Do sejmowej komisji petycji wpłynęło pismo w którym nadawca postuluje o zwiększenie wysokości mandatów. Wnioskodawca chce by 500 zł zamienić na mandat o wysokości 2000 zł a 1000 zł na mandat w wysokości 4000 zł. Jako argument podaje, ze od wielu lat te wysokości się nie zmieniały i obecnie dzięki zwiększonym zarobkom polscy kierowcy nie obawiają się takich kwot.
Jako jeden z przykładów podaje Francję.
Jeśli ktoś przekroczy we Francji prędkość o 50 km/h to kierowcy zostaje zabrane nie tylko prawo jazdy, ale również zostanie mu zarekwirowany samochód. Będzie musiał też chodzić na drogie kursy przygotowawcze i otrzyma mandat w wysokości 1500 euro.
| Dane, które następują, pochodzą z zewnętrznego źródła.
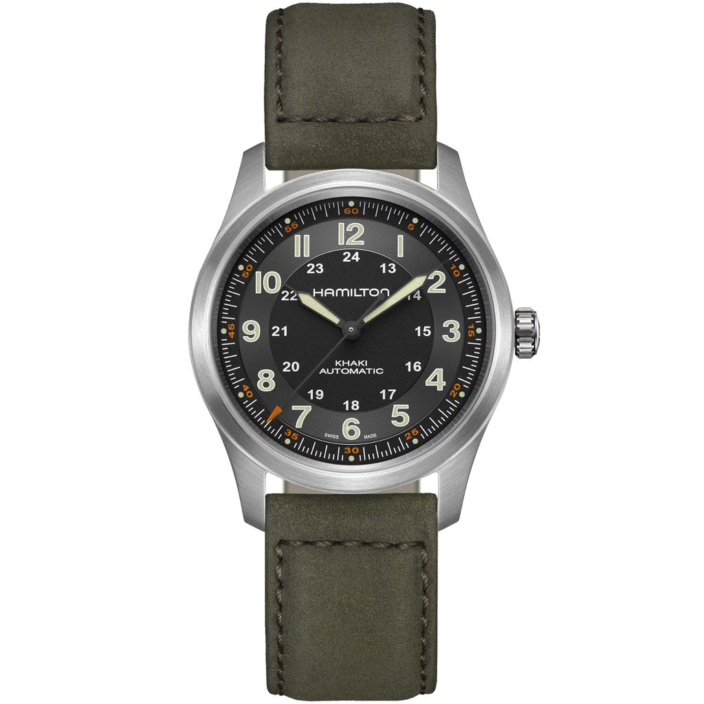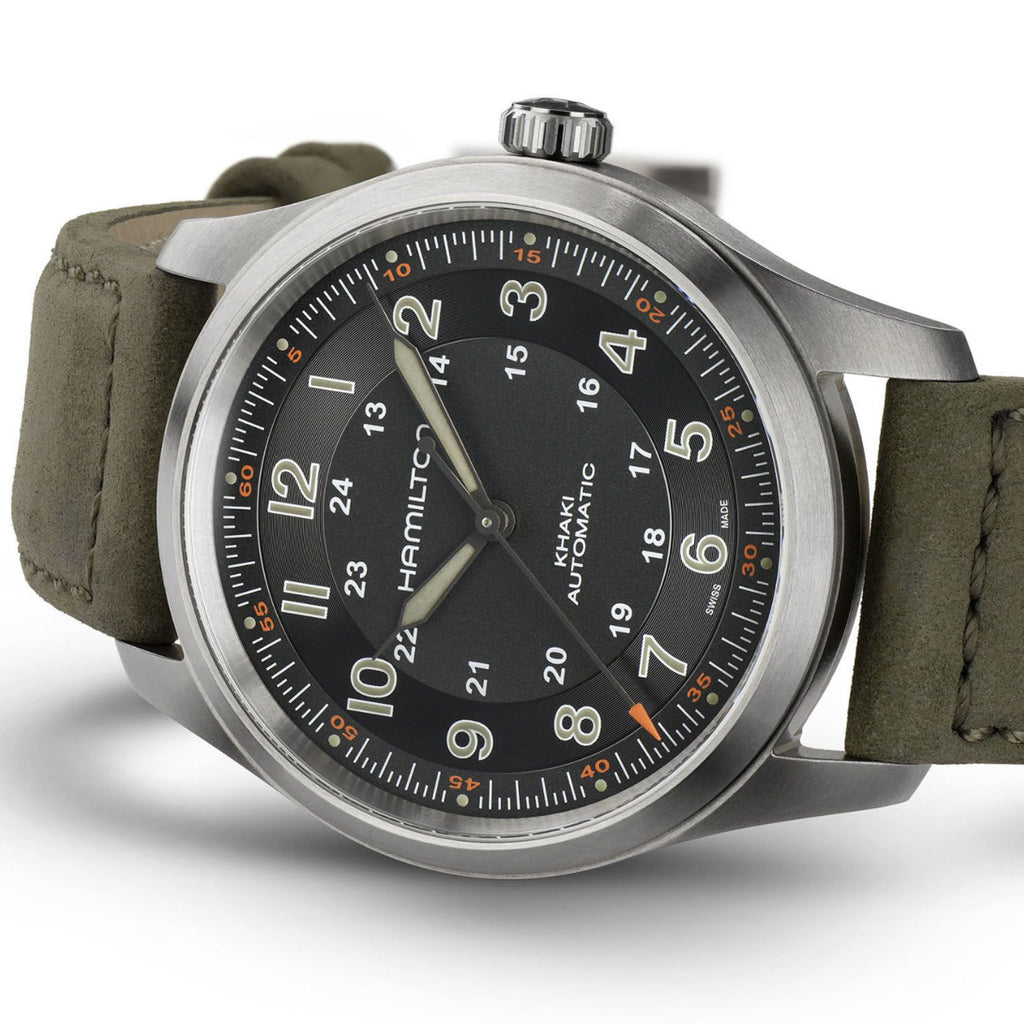 A century-long pedigree in military timepieces combined with lightweight materials make the Khaki Field Titanium Automatic the ultimate all-purpose watch for modern heroes. Truly fit for life in the field, the 38 mm case size accentuates comfort and adaptability with a historically authentic design.

Dla recydywistów przewidziano kary zwielokrotnione
- czytamy we wniosku.
Już w zeszłym roku premier Morawiecki skierował pismo do resortu sprawiedliwości o jeszcze większe zwiększenie maksymalnego wymiaru kary. Według premiera miałoby to być nawet 5 tysięcy złotych.
Prowadzone w ostatnich latach kampanie edukacyjne okazały się niewystarczająco skuteczne, jeśli chodzi o wpływ na zmianę postaw i zachowań kierowców. Jedną z najważniejszych przyczyn nieprzestrzegania przepisów jest złagodzenie dolegliwości sankcji w wyniku zamrożenia kwot mandatów karnych na poziomie z roku 1997. Biorąc pod uwagę, że przestrzeganie ograniczeń prędkości jest kluczowe dla ochrony życia i zdrowia obywateli na drodze, niezbędne jest podniesienie kwot mandatów karnych oraz wprowadzenie zmian w przepisach, których celem jest ograniczenie zachowań szczególnie niebezpiecznych na drogach i eliminacja tzw. piratów drogowych
- pisał szef rządu.
Obie propozycje są obecnie an etapie analiz.